We know how vile we can be when we are stressed, hungry, feeling abandoned or overwhelmed. At those moments, we have a desperate need for the world to slow down and appreciate that we are struggling. However strong people may appear, they struggle too, and when they upset us, they are very likely in pain.
We are hearing a frustrated expression of suffering from this other person and in the blink of an eye making it about our own afflictions. If we recognise this pattern, and take responsibility for it, we can, to some extent, be liberated from it.
Lower your expectations
Swaggering self-entitlement is chilling to behold and comes from an inflated level of expectation as to the extent to which others are likely to arrange every matter to one’s complete satisfaction.
Sometimes people will be hugely disappointing. This is, in our graph, the y axis of life itself, the slings and arrows of outrageous fortune. Life, we are told when we are first refused a toy in a shop by a sensible parent, is not fair. It is fortune, not fairness that we meet, and we should not expect justice.
Think of everything, expect everything; even in good characters some unevenness will appear. Human nature begets hearts that are deceitful, that are ungrateful, that are covetous, that are undutiful. When you are about to pass judgement on one single man’s character, reflect upon the general mass.49
To lower our expectations is to greatly reduce our anger: if we don’t expect things to work out brilliantly, we’ll be less frustrated when they don’t.
It is simply the mental addition of the thought, ‘If nothing happens to the contrary’
As we get excited about a planned or expected future event, it’s a good thing to remind ourselves – unless it doesn’t work out.

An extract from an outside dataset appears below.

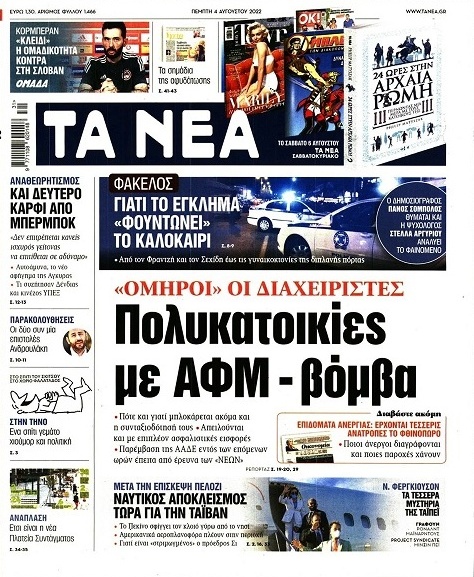 Πρωτοσέλιδο δημοσίευμα των ΝΕΩΝ, στις 19.7.2022, του δημοσιογράφου Προκόπη Γιόγιακα, στο οποίο μιλούν οι:   Στράτος Παραδιάς (πρόεδρος ΠΟΜΙΔΑ) • Λευτέρης Ποταμιάνος (πρόεδρος Συλλόγου Μεσιτών) • Γιώργος Ρούσκας (πρόεδρος της Ενωσης Ελλήνων Συμβολαιογράφων) • Δημήτρης Καψιμάλης (πρόεδρος της Ενωσης...

The Stoics would not deny us feelings of excitement, but they would encourage us to retain this little reminder that we’re not ultimately in control. And this is done with a view to increasing our happiness.
Do not seek to have events happen to you as you want them to, but instead want them to happen as they do happen, and your life will go well.51
This is a brilliant bit of thinking. We can aim high, seek to change the world, yet always be satisfied with the outcome. The Stoics have taken the reclusive Epicurean instruction to desire only what you already have, and allowed it to be active, engaged and vital.
It may not come naturally in the moment, but our aim should be to abnegate this bloated, boorish self and move towards our apparent aggressor. Lowering our expectations of the people around us is not to live at their whim and let them ‘get away with anything’; it is to stop obtruding our stories and priorities upon those of others and then whining when they don’t match up. Anger is just proof of how unrealistic your expectations were.